= Freddy Goes to the North Pole =

1930 book written by Walter R. Brooks

First edition (publ. Alfred A. Knopf)

Freddy goes to the North Pole (1930) (formerly published as More To and Again) is the second of the Freddy the Pig books written by Walter R. Brooks. It tells of how the animals of the Bean Farm went to rescue some of their animals friends who went on an expedition to the North Pole.

==Plot summary==
In the beginning, Freddy had the idea to establish a tourism company called Barnyard Tours Inc.
The animals agreed, and the company was formed. Animals could pay for a tour with food, or by doing work for Mr. Bean. Soon, however, Freddy and Jinx, the cat, were sick and tired of conducting the tours. Freddy suggested a trip to the North Pole. So they and four other animals set off.

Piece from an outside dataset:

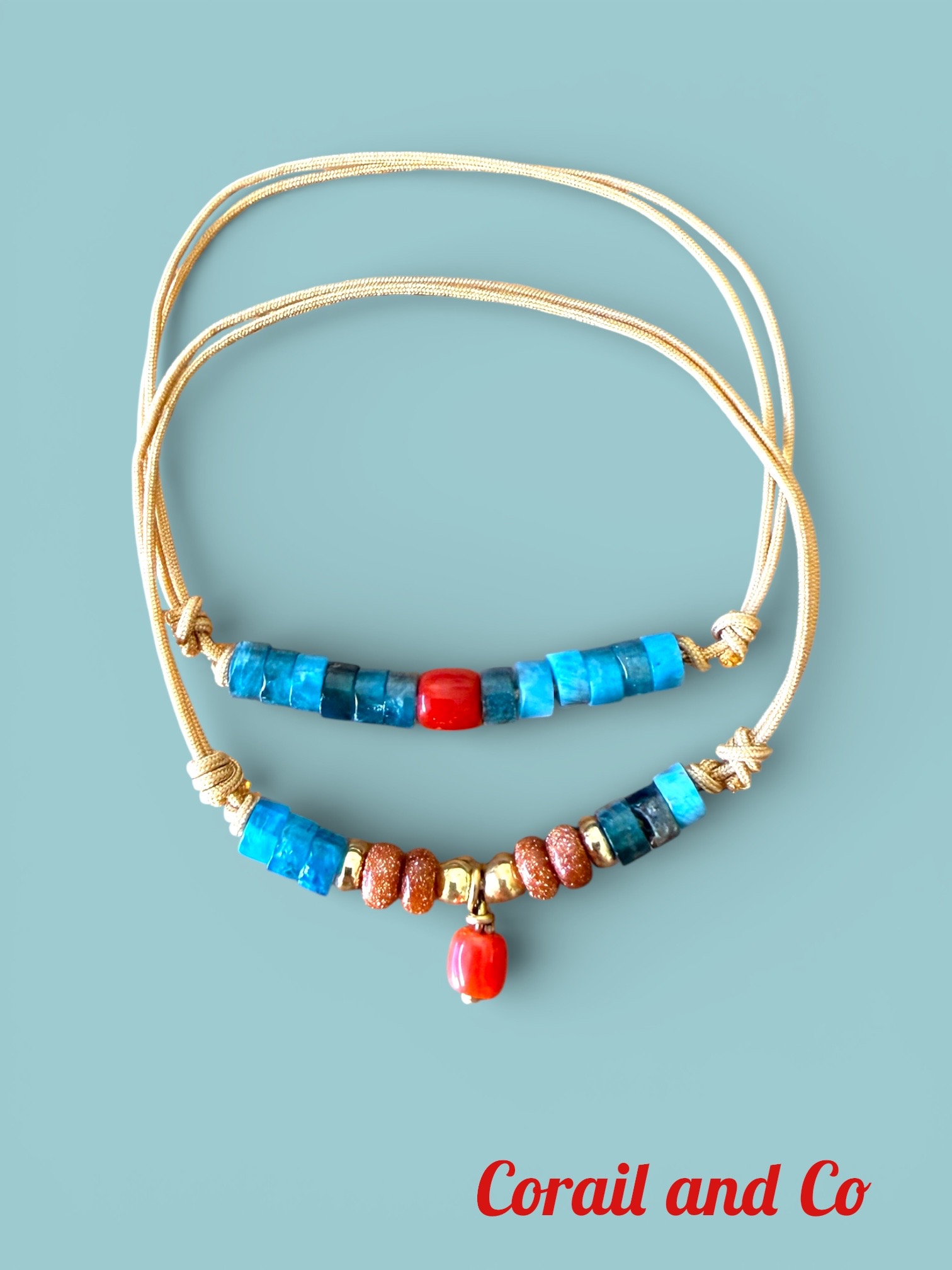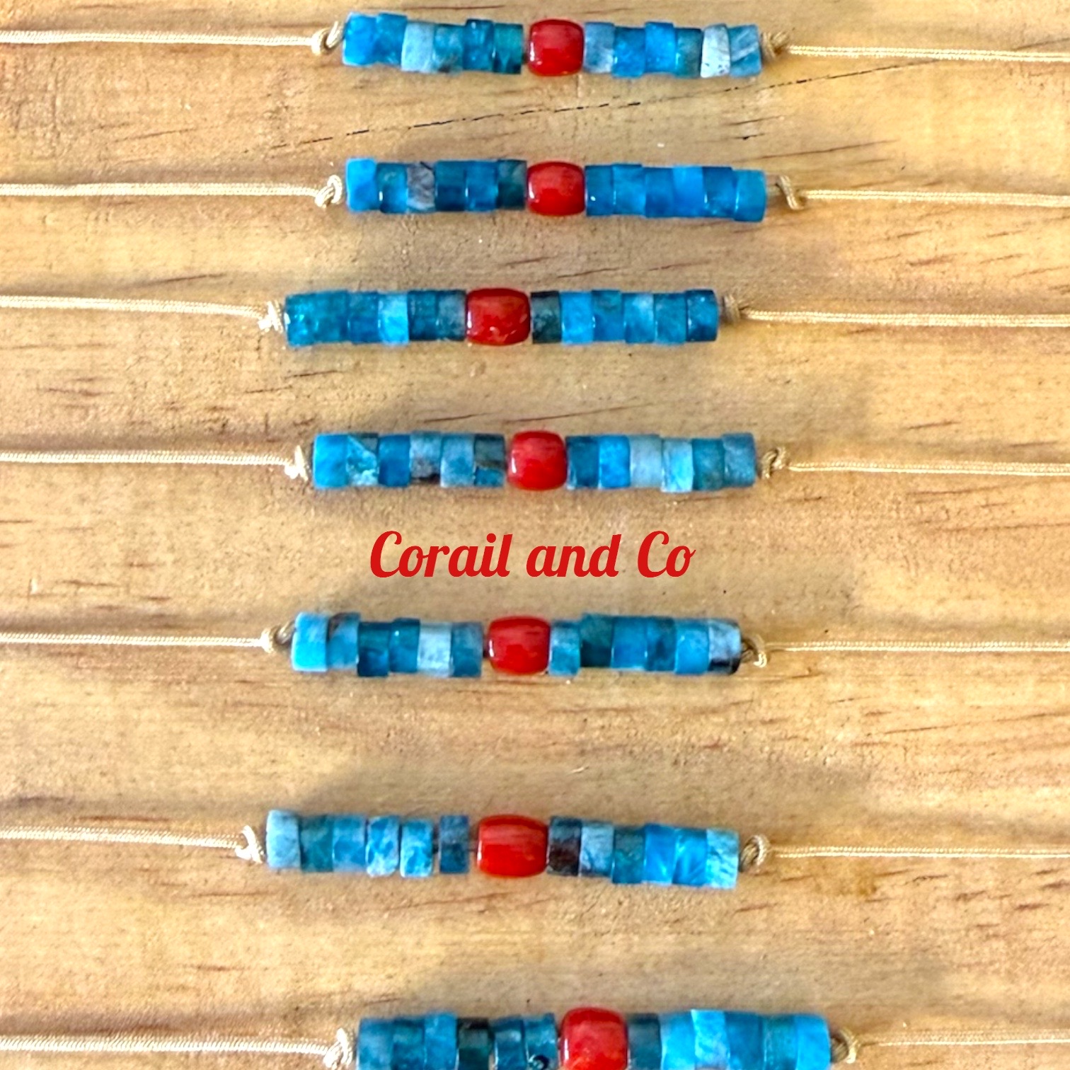 Découvrez ce bracelet sur cordon avec son fragment central en corail rouge de Méditerranée et ces rondelles d'apatites à la fraicheur turquoise ... deux pierres qui dansent ensemble pour sublimer votre poignet !

A year passed, and the animals left began to worry. A mob formed in the barnyard triggered by a speech by Charles, the rooster. Then, Ferdinand, a crow from the expedition, came back and organized a rescue party. He said they had gone on a ship and crew were planning to eat Freddy. The sailors had said that they might try going to Santa Claus’ house.

Later, in the woods of Canada, two children and a bear joined the rescue party. However, it soon was discovered that Ferdinand forgot to bring food and clothing for the animals. Everything looked grim for Ferdinand for a minute, but he suddenly came up with the idea for a lecture tour. The animals of the woods brought in food and clothing they found in the woods.

Also, a few weeks later Charles and Jack, a dog, wandered away and were captured by some wolves. The animals, Charles and Jack, managed to drive the wolves away with the help of some ants. They finally arrived at Santa Claus’ house. The animals found Freddy there and also found a problem: The sailors were trying to turn Santa Claus's irregular workshop into an ordinary, assembly line factory.

The animals tried to make the sailors leave. They played ghosts, but one sailor wasn't scared. Then, Freddy sent the captain, Mr. Hooker, a treasure map. He thought all the sailors would go with him, but instead, he tried to get all of it for himself. Freddy and Jinx chased after him and took it back. Later, the whole crew of the ship was shown the map.

The sailors left and Santa Claus's workshop went back to normal. Santa Claus took the animals and the two children to the Bean Farm.